**Data below**
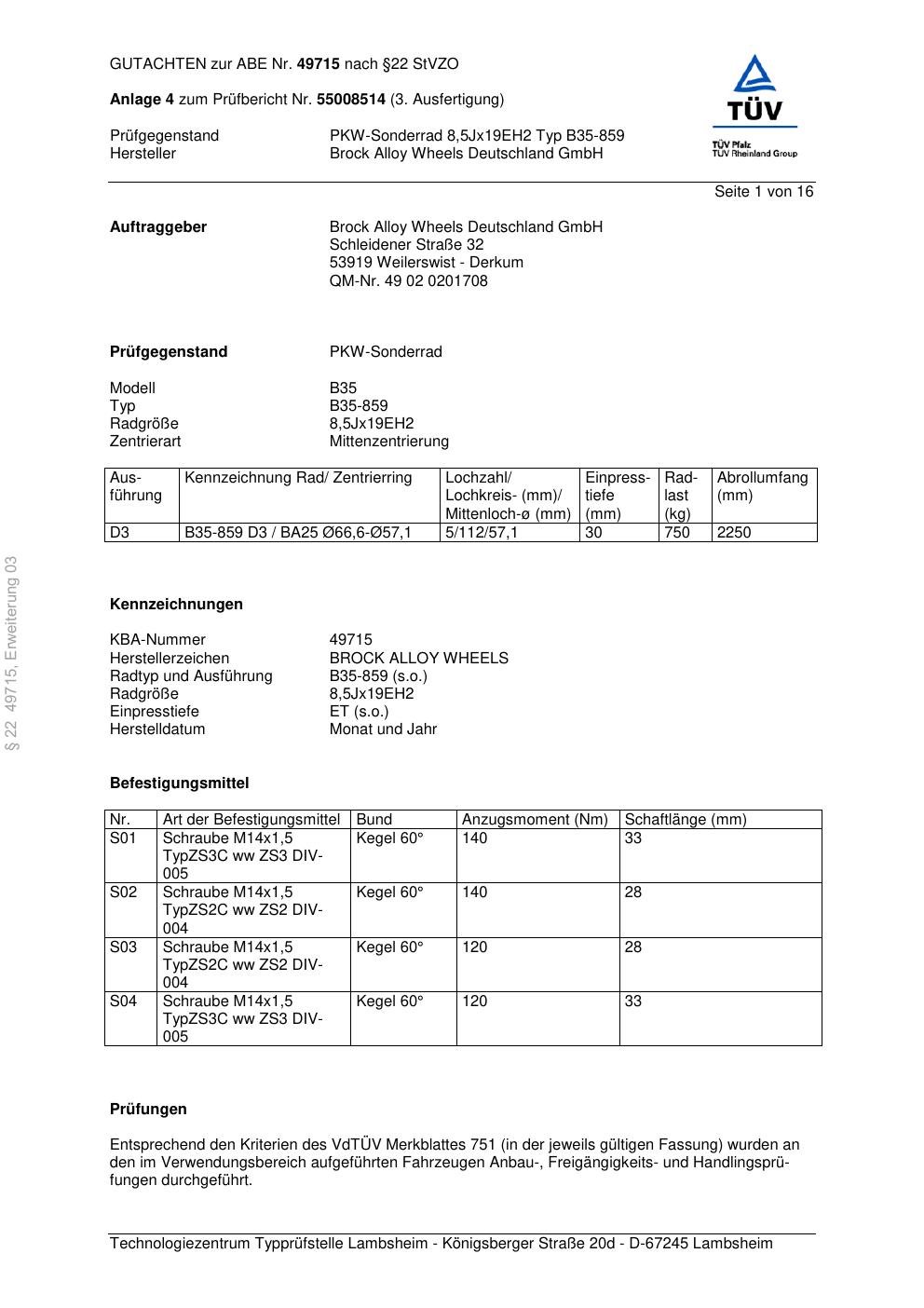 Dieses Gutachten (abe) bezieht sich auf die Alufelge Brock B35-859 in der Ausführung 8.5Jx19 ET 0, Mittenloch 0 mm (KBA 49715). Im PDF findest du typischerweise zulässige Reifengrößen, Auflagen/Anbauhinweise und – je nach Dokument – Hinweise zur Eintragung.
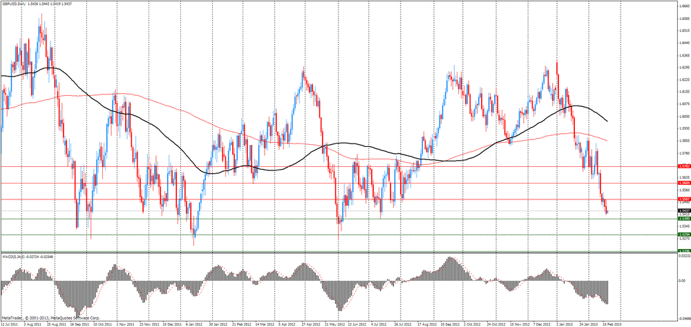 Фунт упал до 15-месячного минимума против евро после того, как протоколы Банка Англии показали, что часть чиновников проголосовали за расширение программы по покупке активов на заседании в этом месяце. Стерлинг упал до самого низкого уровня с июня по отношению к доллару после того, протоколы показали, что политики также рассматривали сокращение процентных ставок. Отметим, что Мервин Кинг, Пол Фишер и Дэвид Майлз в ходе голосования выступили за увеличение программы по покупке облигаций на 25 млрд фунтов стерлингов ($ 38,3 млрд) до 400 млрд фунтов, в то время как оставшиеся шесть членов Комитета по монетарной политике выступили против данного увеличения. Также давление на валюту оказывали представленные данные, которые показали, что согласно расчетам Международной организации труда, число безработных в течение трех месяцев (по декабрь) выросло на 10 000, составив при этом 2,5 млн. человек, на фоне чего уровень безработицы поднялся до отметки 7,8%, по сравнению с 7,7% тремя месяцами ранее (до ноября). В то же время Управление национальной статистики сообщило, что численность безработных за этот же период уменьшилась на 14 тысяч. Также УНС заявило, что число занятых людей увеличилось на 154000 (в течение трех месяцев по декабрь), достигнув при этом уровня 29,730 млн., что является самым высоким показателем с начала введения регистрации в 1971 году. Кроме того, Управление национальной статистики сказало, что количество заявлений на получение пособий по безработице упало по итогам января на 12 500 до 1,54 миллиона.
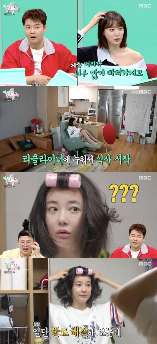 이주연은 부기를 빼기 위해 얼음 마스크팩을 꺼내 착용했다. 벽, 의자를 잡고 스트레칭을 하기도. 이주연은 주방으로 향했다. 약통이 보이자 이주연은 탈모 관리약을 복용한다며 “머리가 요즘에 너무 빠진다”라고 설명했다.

**Task to carry out**
Please return the whole listing exactly. Do not copy its images.

**Solution for this exercise**
 Dieses Gutachten (abe) bezieht sich auf die Alufelge Brock B35-859 in der Ausführung 8.5Jx19 ET 0, Mittenloch 0 mm (KBA 49715). Im PDF findest du typischerweise zulässige Reifengrößen, Auflagen/Anbauhinweise und – je nach Dokument – Hinweise zur Eintragung.
 Фунт упал до 15-месячного минимума против евро после того, как протоколы Банка Англии показали, что часть чиновников проголосовали за расширение программы по покупке активов на заседании в этом месяце. Стерлинг упал до самого низкого уровня с июня по отношению к доллару после того, протоколы показали, что политики также рассматривали сокращение процентных ставок. Отметим, что Мервин Кинг, Пол Фишер и Дэвид Майлз в ходе голосования выступили за увеличение программы по покупке облигаций на 25 млрд фунтов стерлингов ($ 38,3 млрд) до 400 млрд фунтов, в то время как оставшиеся шесть членов Комитета по монетарной политике выступили против данного увеличения. Также давление на валюту оказывали представленные данные, которые показали, что согласно расчетам Международной организации труда, число безработных в течение трех месяцев (по декабрь) выросло на 10 000, составив при этом 2,5 млн. человек, на фоне чего уровень безработицы поднялся до отметки 7,8%, по сравнению с 7,7% тремя месяцами ранее (до ноября). В то же время Управление национальной статистики сообщило, что численность безработных за этот же период уменьшилась на 14 тысяч. Также УНС заявило, что число занятых людей увеличилось на 154000 (в течение трех месяцев по декабрь), достигнув при этом уровня 29,730 млн., что является самым высоким показателем с начала введения регистрации в 1971 году. Кроме того, Управление национальной статистики сказало, что количество заявлений на получение пособий по безработице упало по итогам января на 12 500 до 1,54 миллиона.
 이주연은 부기를 빼기 위해 얼음 마스크팩을 꺼내 착용했다. 벽, 의자를 잡고 스트레칭을 하기도. 이주연은 주방으로 향했다. 약통이 보이자 이주연은 탈모 관리약을 복용한다며 “머리가 요즘에 너무 빠진다”라고 설명했다.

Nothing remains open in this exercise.